NNSL (Apr 23/99) - City councillor Kevin O'Reilly says with more than 260,000 tonnes of arsenic dust underground, Indian Affairs minister Jane Stewart shouldn't be banking on somebody to step into the mess that is Giant Mine.

"I can't believe that anyone from the private sector is going to be willing to buy this property," O'Reilly, who is an environmentalist with a decade of experience monitoring Giant, said.

"There is between $250 million and $1 billion worth of environmental liability at Giant Mine. There would have to be a heck of a lot of gold in the ground to offset that cost."

He said right now, Giant is a "break-even operation" that requires a large infusion of capital to bring it up to modern day standards, both in terms of worker safety and for pollution control.

"Jane Stewart signed the last water license (to allow Giant to keep operating), at which time she set aside $400,000 for environmental cleanup. This, for what is potentially one of the worst mining disasters in Canada, and perhaps the entire world," O'Reilly said.

To put the danger in perspective, he said that a person ingesting an aspirin sized amount of arsenic would die. There's enough arsenic under Giant to kill everyone on the planet.

He points out that the main thing keeping a Giant Mine disaster at bay is the pumps that keep ground water out of the arsenic-filled chambers.

"As long as the pumps are kept running, there's probably no immediate danger," O'Reilly said.

"We also know if those pumps quit for any reason, six months later arsenic trioxide would be leaching into Great Slave Lake and the Mackenzie River Basin, which is not acceptable.

"I'm not prepared to take the risk that those pumps (will always operate.) I'm not prepared to take that risk for my grandchildren and future generations to come."

Dene National Chief, Bill Erasmus, has called for DIAND to deal with the arsenic immediately.

"Each day that the mill at Giant Mine operates, more arsenic is pumped underground.
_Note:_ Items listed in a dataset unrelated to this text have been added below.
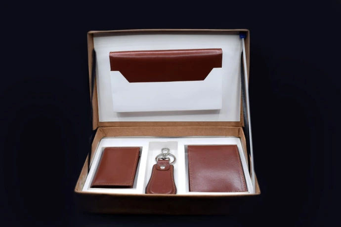 Vogue by Faiza presents a sophisticated and utility-focused premium leather 4-piece gift set, meticulously crafted from high-grade, genuine leather. This complete collection features essential accessories, including a stylish long bifold wallet, a standard bifold wallet, a compact card holder, and a matching leather key fob. The set is available in four classic colour, Black, Brown, Blue, and Tan—making it the ideal luxury gift for corporate clients, your husband, or any loved one who appreciates enduring quality and style.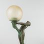 D’Après Max LE VERRIER (1891-1973) - Lampe « Clarté ». Epreuve en régule à patine vert nuancé brun figurant une jeune femme nue, la tête renversée et dressée sur ses pointes de pieds, soutenant à bout de bras une sphère en verre craquelé. Sur socle rond en marbre veiné vert. Signée sur la terrasse « Le Verrier » et cachet rond « LE VERRIER PARIS ». Hauteur totale : 38,5cm environ. (Quelques griffures et usures à la patine)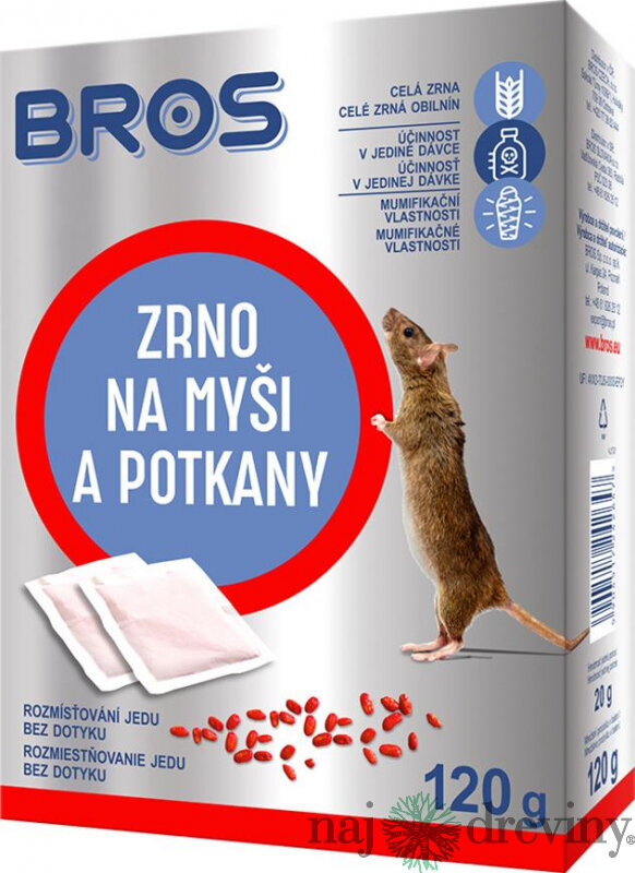 Používajte biocídy bezpečne. Pred použitím si vždy prečítajte etiketu a informáciu o výrobku. Zrno Bros je nástraha na báze starostlivo vybraných chutných obilných zŕn. Pre hlodavce, ktoré majú radi obilie je veľmi dobre stráviteľná. Obsahuje látku, ktorá bráni náhodnej konzumácii ľuďmi a domácimi zvieratami. Dávkovanie: myš - 60 g na každých 5-10 m, potkan - 100 g na každých 5 - 10 m. Umiestnite do nástrahových staníc, ktoré sú zabezpečené proti náhodnému otvoreniu a na miestach, kde sa vyskytujú hlodavce. Druhy nebezpečnosti : H373 Môže spôsobiť poškodenie orgánov (krv) pri dlhšej alebo opakovanej expozícii.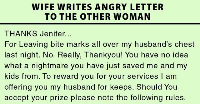 This wife, whose name is undisclosed, had something way better in mind than just moving on. What did she was that she wrote a letter to the ‘other woman.’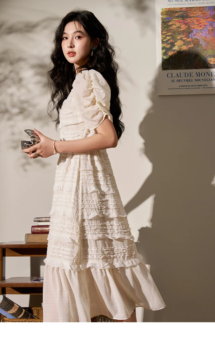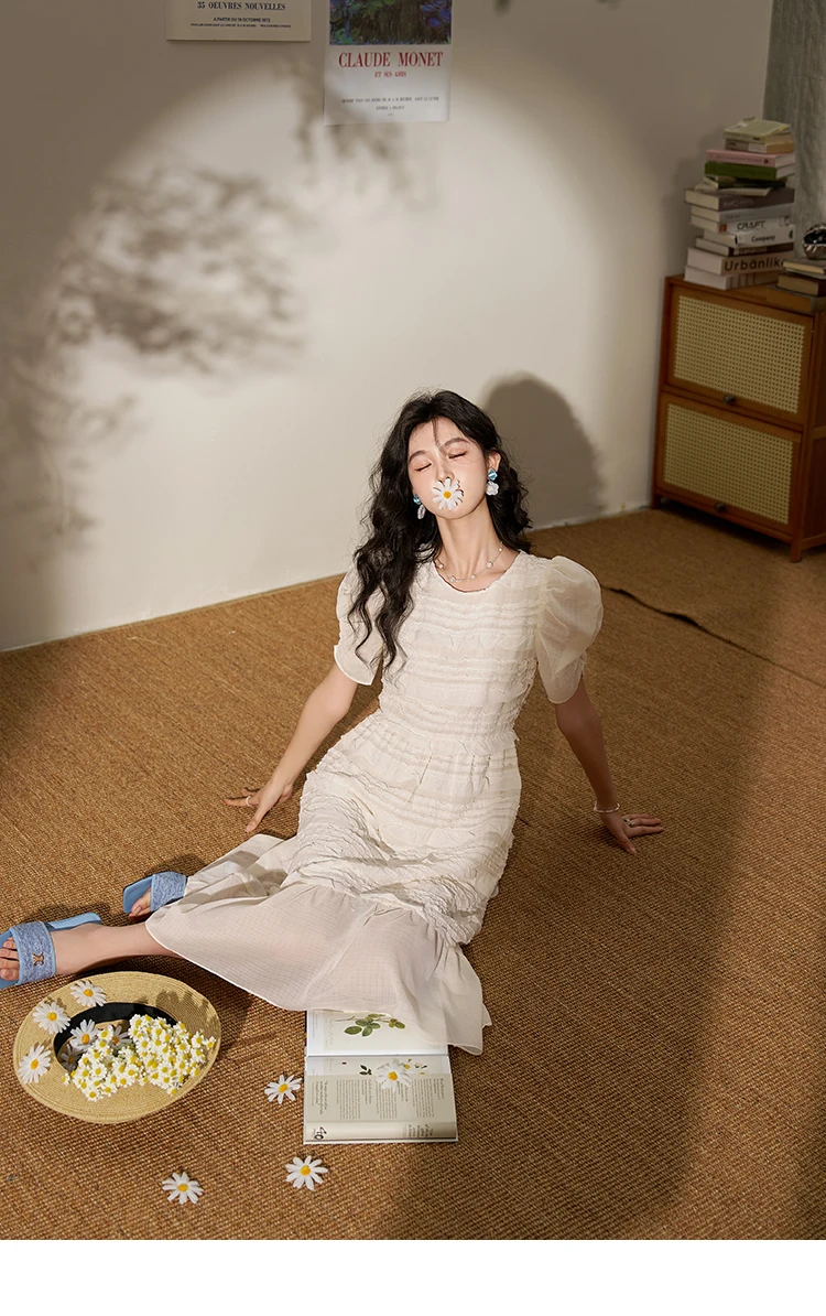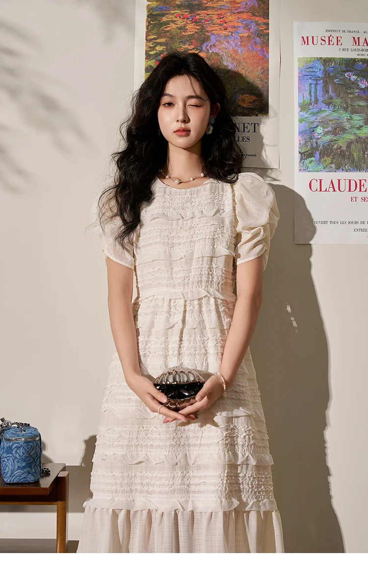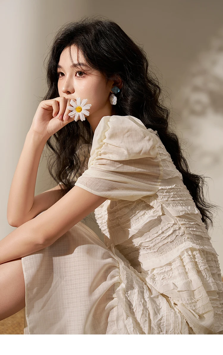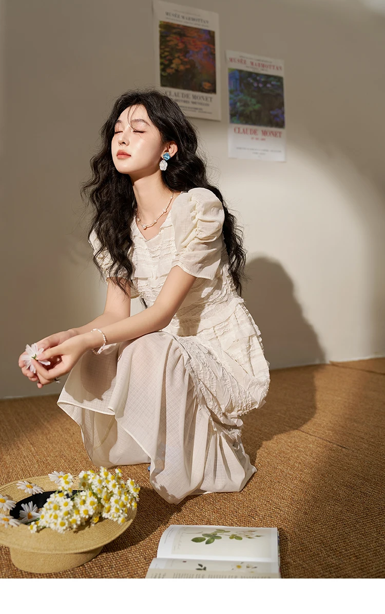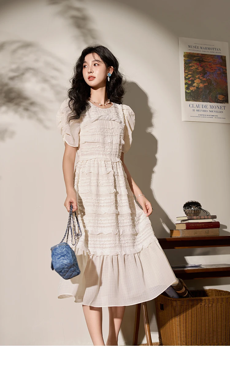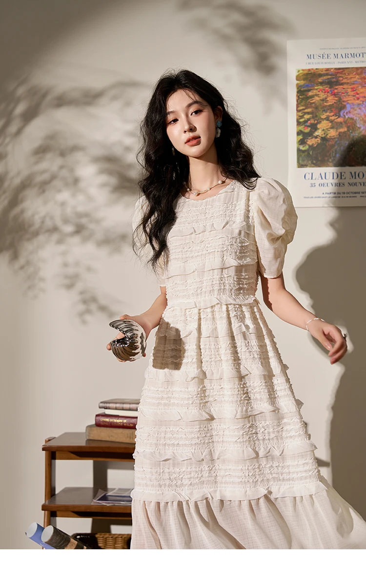 MISHOW Women's French Lace Dress 2024 New Summer New Chiffon Midi Temperament Short Sleeve Woman Dresses Clothing MXD21L1756

At what point are we going to say that it's time to stop adding to an already existing environmental nightmare?" Erasmus said.

At recent NWT Water Board hearings in Yellowknife, the Dene Nation and Yellowknives Dene First Nation said they wanted to be involved in all aspects of clean up and monitoring of mine sites.

"We are concerned that only $400,000 of the $7 million owed in security deposit has been collected to date from Royal Oak. We are encouraging DIAND to enforce all regulations and to collect the remainder of the deposit," Erasmus said.

"We understand that there are a number of options available for dealing with the estimated 260,000 tonnes of arsenic. DIAND has stated that all of the existing options for clean up are expensive, all would take many years, and all require new technology. We need to stop pumping arsenic underground and begin cleaning up what's already down there," Erasmus said.